One group, Earthday.org, bemoans humanity’s “relentless reliance on plastic …,” as well as plastics’ “convenience and cheapness” and “the synthetic nightmare” it creates. “The unfettered production of plastic has dire environmental repercussions,” Earthday.org warns. The group promotes a “Global Plastic Treaty” which would commit the United Nations and world governments to end the production and sale of single-use plastic by 2030 (so no more angioplasty balloons?) and invest in replacements for fossil fuel-based resins.  

None of these complaints is new, of course, nor are the “solutions” proposed realistic. The plastics industry has for years developed methods to minimize plastics use and waste and broaden feedstocks. None of the industry’s efforts and successes in these areas is ever acknowledged by anti-plastics groups.  

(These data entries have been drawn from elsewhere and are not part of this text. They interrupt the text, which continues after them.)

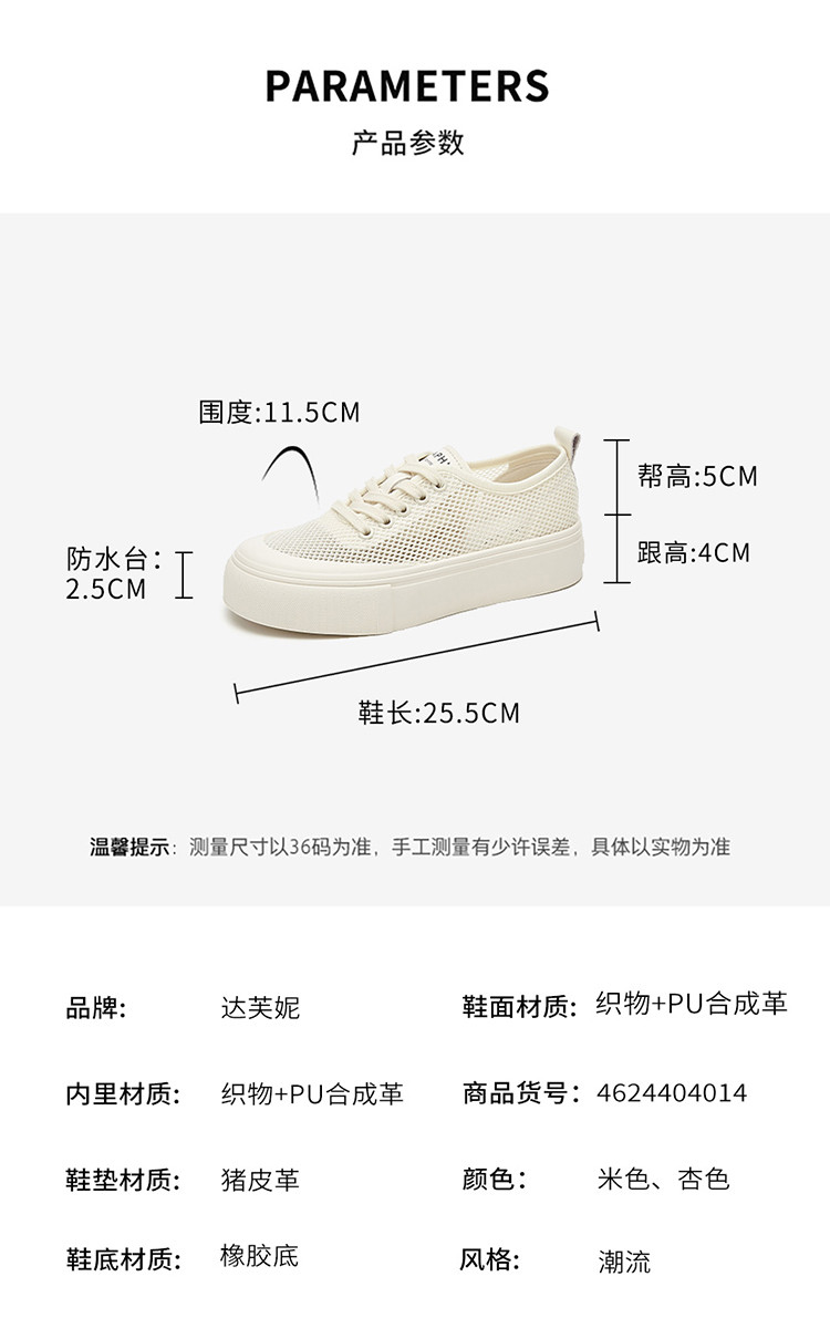 商品名称:【爆款热卖】夏季休闲板鞋女百搭厚底学生小白鞋透气网面鞋女鞋 314007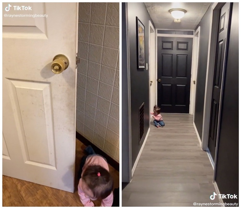 Tired of their white doors getting covered in grim and sticky fingerprints, @raynestormxtattoos on TikTok decided to paint their doors black. Then, they took it one step further by painting their entire hallway black. Who ever said black paint can't provide personality?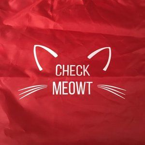 Excellent unused condition Toronto Cat Rescue red reusable book and grocery tote featuring white printed illustrated slogan, 'Check Meowt' with black adjustable corded rope string. This cute bag that can be worn over one arm or as a backpack is great to use for your every day errands. Help the environment and support animal love while doing it! No longer sold on the website.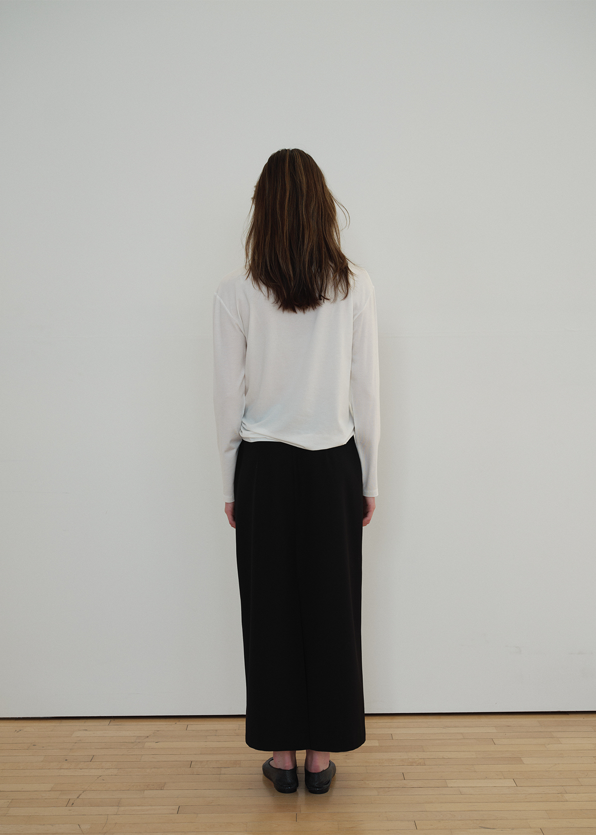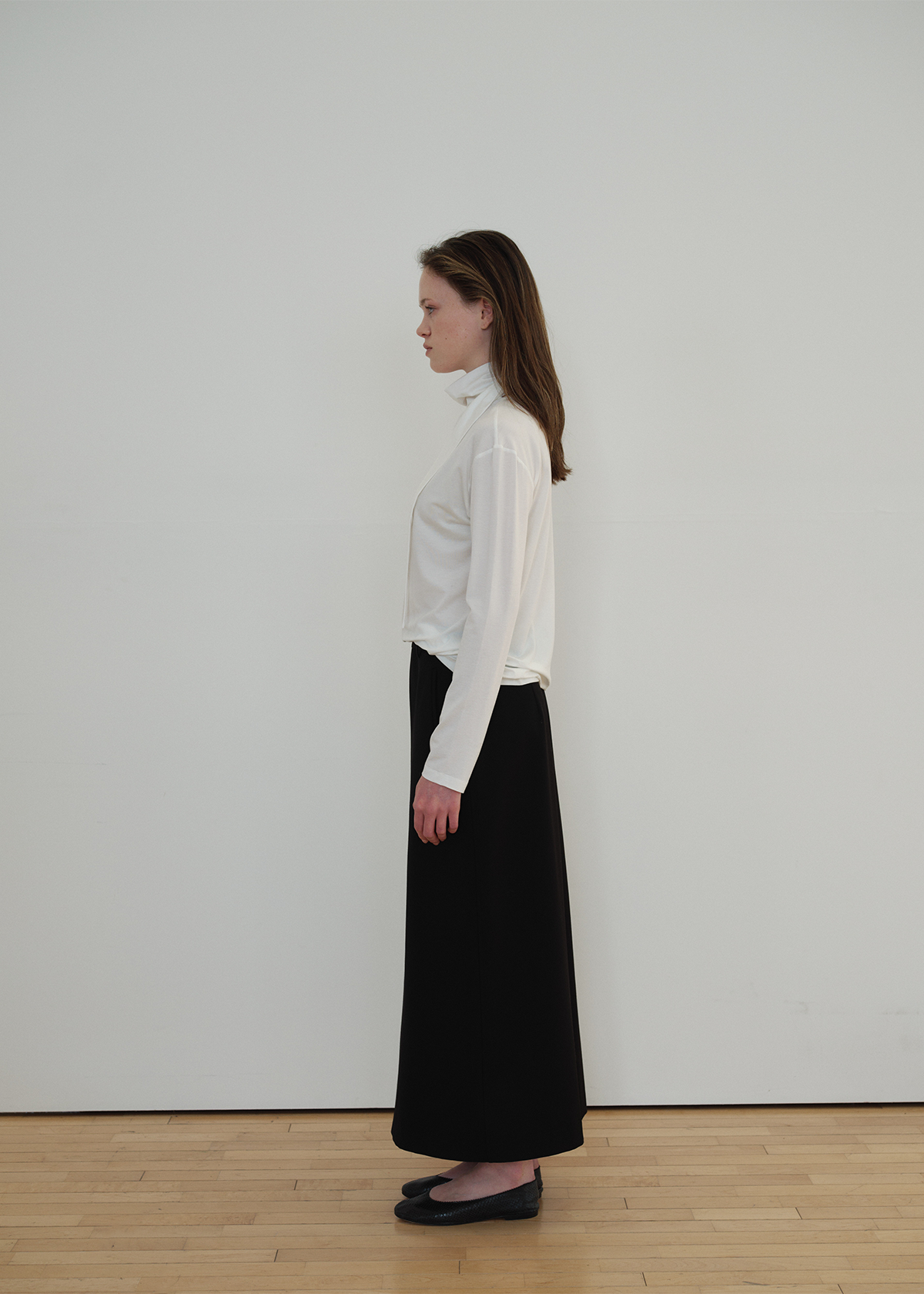 シルキーに流れる TENCEL 混素材で仕立てたハイネックタイ Tシャツです。とろみのあるドレープとやわらかな伸縮性が合わさり、身体をやさしく包み込み、単品でもレイヤードでも季節感のある着こなしが楽しめます。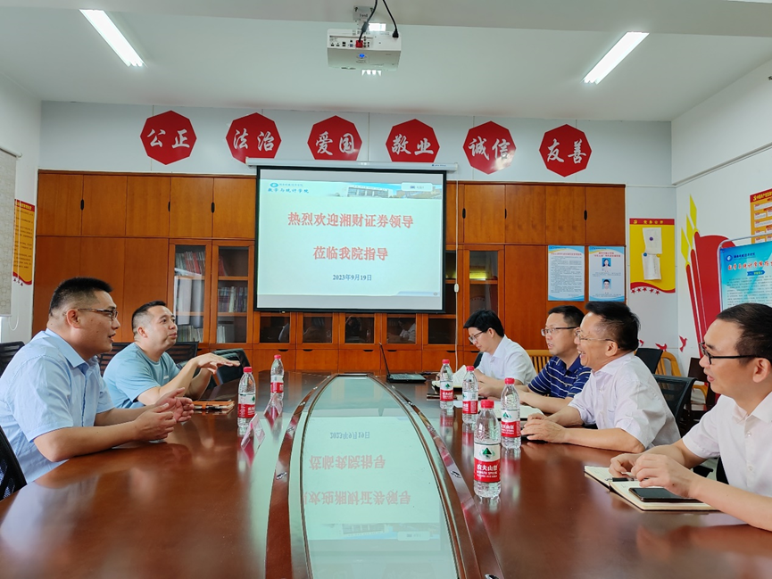 (本网讯)9月19下午,湘财证券股份有限公司湖南区域管理中心基础业务专员兼新民路证券营业部副总经理李健、新民路证券营业部财富总监王周琪来Beat365数学与统计学院就校企合作有关事宜进行座谈交流。数学与统计学院院长...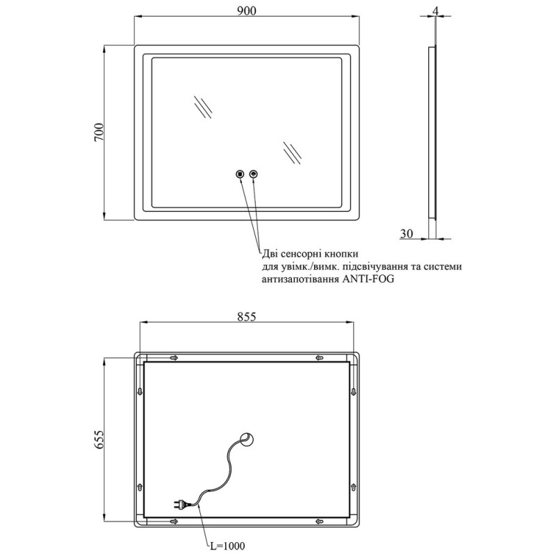- ANTI-FOG - вбудована система проти запотівання, завдяки якій дзеркало залишається чистим навіть після гарячого душу.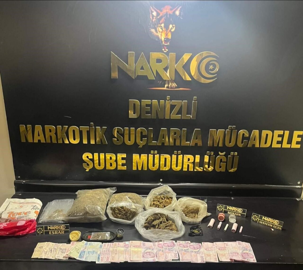 Denizli Emniyet Müdürlüğüne bağlı Narkotik Suçlarla Mücadele Şube Müdürlüğü ekipleri uyuşturucu madde ticareti yaptığı belirlenen bir zehir tacirine yönelik 18 Haziran Çarşamba günü operasyon düzenledi. Operasyonda zehir taciri kıskıvrak yakalanırken, şüpheli şahsın ikametinde ve üzerinde arama yapıldı. Yapılan aramalar kapsamında 8 parça halinde 2 kilo 325 gram esrar, 1 adet sentetik ecza hap, 2 adet esrar öğütücü ve uyuşturucu madde ticaretinden elde edildiği değerlendirilen 4 bin 470 TL ve kokain bulaşıklı maddeler ele geçirildi. Emniyetteki ifadesinin ardından adliyeye sevk edilen şüpheli, çıkarıldığı mahkemece tutuklanarak cezaevine gönderildi.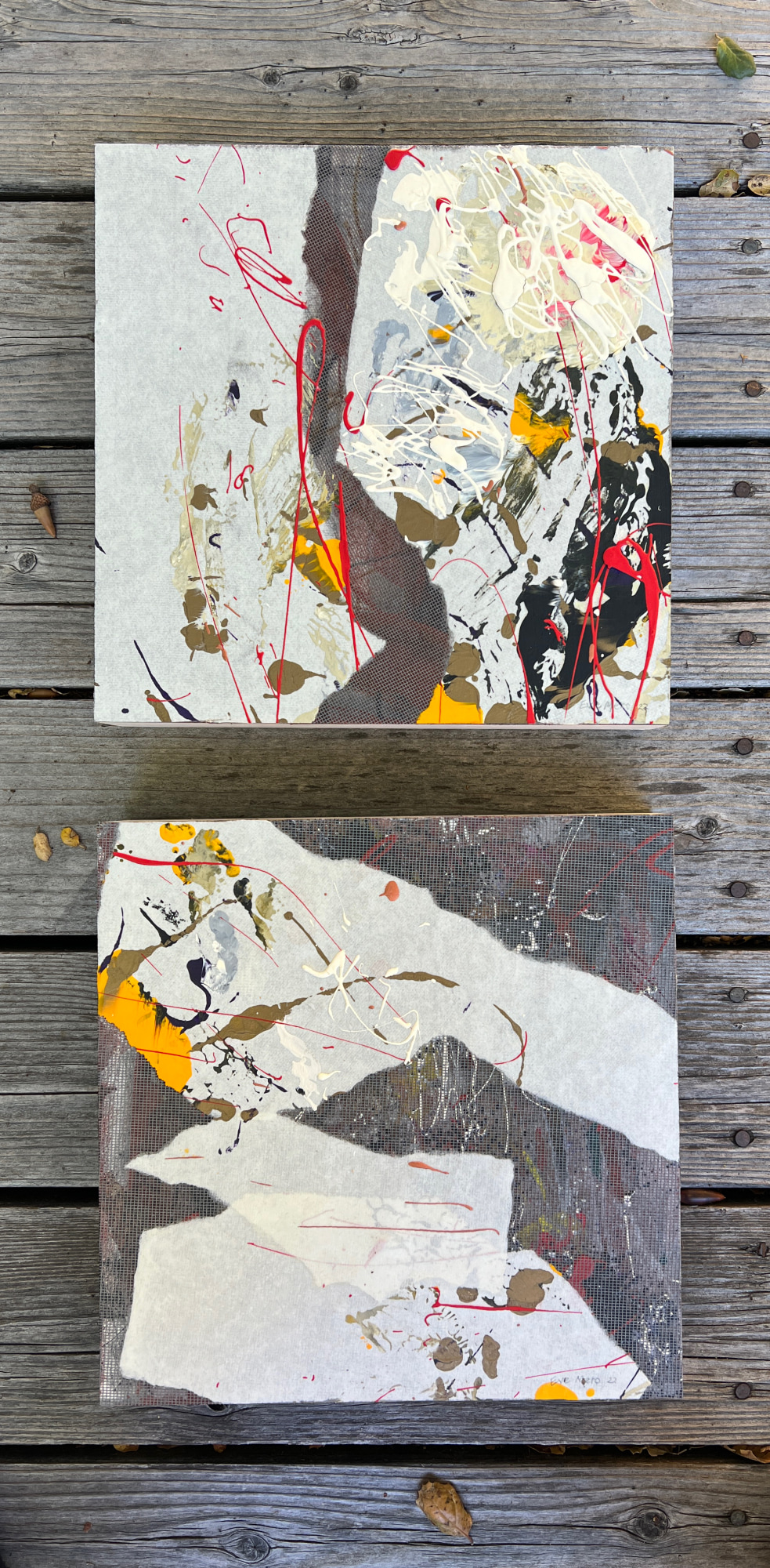 Flashe emulsion, mulberry paper, and screen on wood panel

There are challenges in managing the production, use, disposal and reuse of the enormous volume of plastics produced every year. The industry works diligently here and makes progress. The demands that routinely include broad product bans, adoption of new and largely untested formulation chemistries and calls for society to radically restrict plastics, a material that has a hugely positive effect on quality-of-life issues, are thus ludicrous.  

One can’t help but wonder how scrupulous Earthday.org and other “green” groups are in their plastics use, whether at home, in the packaged foods they buy, the electronics they use, cars they drive—even medical procedures they need. I’ve never heard of anyone refusing medical treatment because it involves single-use plastics. And I bet I never will.  

A world without plastics is not inconceivable but living in such a place would entail sacrifices and a diminution of lifestyle that almost every person would reject, including the greens. And that is an outcome worth considering no matter where you find yourself.